Controversy: Some believe Lucifer has enough differences to be noted separately from the other fire traits - as well as knowing that the super form tends to not have the big yellow blotches found in Super Fire BELs

Sauce

  • First Produced By: Albeys Too Cool Reptiles (104)
  • First Produced In: Unknown

History:
In 2010 I purchased what was supposed to be Spark from Amir, but when bred to Yellow Bellies it produced combos instead of Pumas. We talked it over and after him seeing the Yellow Belly combos in person he realized he had made a mistake with the animal I had received from him. Like the true professional he is he did right by me and reimbursed me to my satisfaction for the mistake. He also offered to buy a few of them at very good prices. I declined at the time wanting to find out just what was going on with them.

The Yellow Belly combos I produced were nicknamed “Hot Sauce” by my friend Whitney DelRosso after she saw them. I told her the history of them and she wanted some of them and helped me find other customers that would also be interested in them. She really promoted them well and what I originally thought might be a total loss turned into a fun new project.
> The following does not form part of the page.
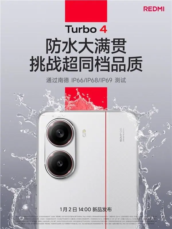 站长之家(ChinaZ.com)12月31日 消息:红米Turbo4手机即将发布,官方克日公布了其良好的防水性能,该机型支持IP66、IP68和IP69防水等级,被誉为“防水大满贯”。这意味着红米Turbo4可以或许在多种恶劣的液体情况中利用而不受损害,为用户提供了全方位的防水掩护。 为了进一步加强用户信心,红米Turbo4在初次贩卖时还将提供免费的进水保服务。在一年内,如果用户因不测进液导致手机发生故障且无法正常利用,可以享受一次免费的维修服务,但不包括表面破坏和人为故意破坏的情况。 官方宣称,红米Turbo4不光在防水性能上体现出色,还支持铁人三项挑衅,力图成为同档位手机中风致最强的产物。在续航本领方面,该手机配备了6550mAh的小米金沙江电池,通过采用硅碳负极技能,提升了电池的密度和耐用性,实现了1600次的四年耐用长循环。 别的,红米Turbo4还配备了双增压耐寒芯片,使其能在低至-35°C的情况下正常工作,这对于北方用户和须要在室外工作的特种职业者来说是一个实用的功能。 最告急的是,红米Turbo4在初次贩卖时还将提供五年电池保修服务。参照之前的Redmi Note14Pro,如果电池康健度在五年内降至80%以下或出现性能故障,用户可以享受免费更换电池的服务,为用户提供了极大的保障。这些特性使得红米Turbo4成为了一款在防水性能、续航本领和耐用性方面都具有竞争力的产物。 |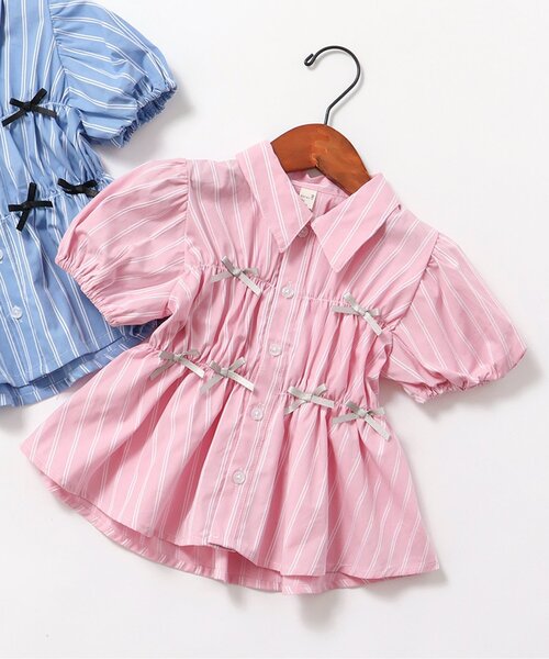 着るだけ簡単おしゃれ見え♡この1枚を着るだけでおしゃれ上級者!?この夏おすすめのストライプシャーリングリボンチュニック*襟のきちんときれいめ感・・トレンドの細めりぼんをあしらったデザインにぽわんとお袖がキュート♪かわいらしさときれいさの両方を兼ね備えたおしゃれなお姉さんスタイルに◎普段使いはもちろん、通園通学にもおすすめ半袖シャツです。【取り扱い表示】40℃を上限に洗濯機で洗濯、デリケートアイテムモード、ネット使用、漂白剤を使用禁止、色物は同系の色と一緒に、洗濯後直ちに取出し、タンブル乾燥不可、日陰で吊り干し、低温でアイロン、商業ドライクリーニング不可※商品により多少の誤差が生じる事がございます。あらかじめご了承下さい。※ご使用のパソコンやブラウザの環境により、実際の色とは多少異なる場合がございます。※モデル着用写真についてはイメージの為、実際の商品とカラーや仕様が異なる場合がございますので、商品画像をご覧ください。【 apres les cours -アプレレクール- 】「キオク いろどる、こどもふく。」大切なキオクを彩る、お気に入りの一枚。「アプレ レ クール」は独自の色づかいやテキスタイルで日々をトクベツに過ごせるそんな「一枚」をお届けします。

You have to realize at that time we had no idea what we were working with but later on when we figured it out we decided to name the single gene “Sauce”.

In 2014 I bred the original male to one of his offspring and produced the super Sauce, being a Black Eyed Leucistic.

In the 2015 breeding season some of the other breeders that invested in the project started producing some very cool combos. Later on in the season Guillermo Gutierrez, a breeder in Mexico that was one of the initial investors, produced the first Sauce Fire Combo. This proved Sauce was compatible with Fire as the breeding produced a Black Eyed Leucistic.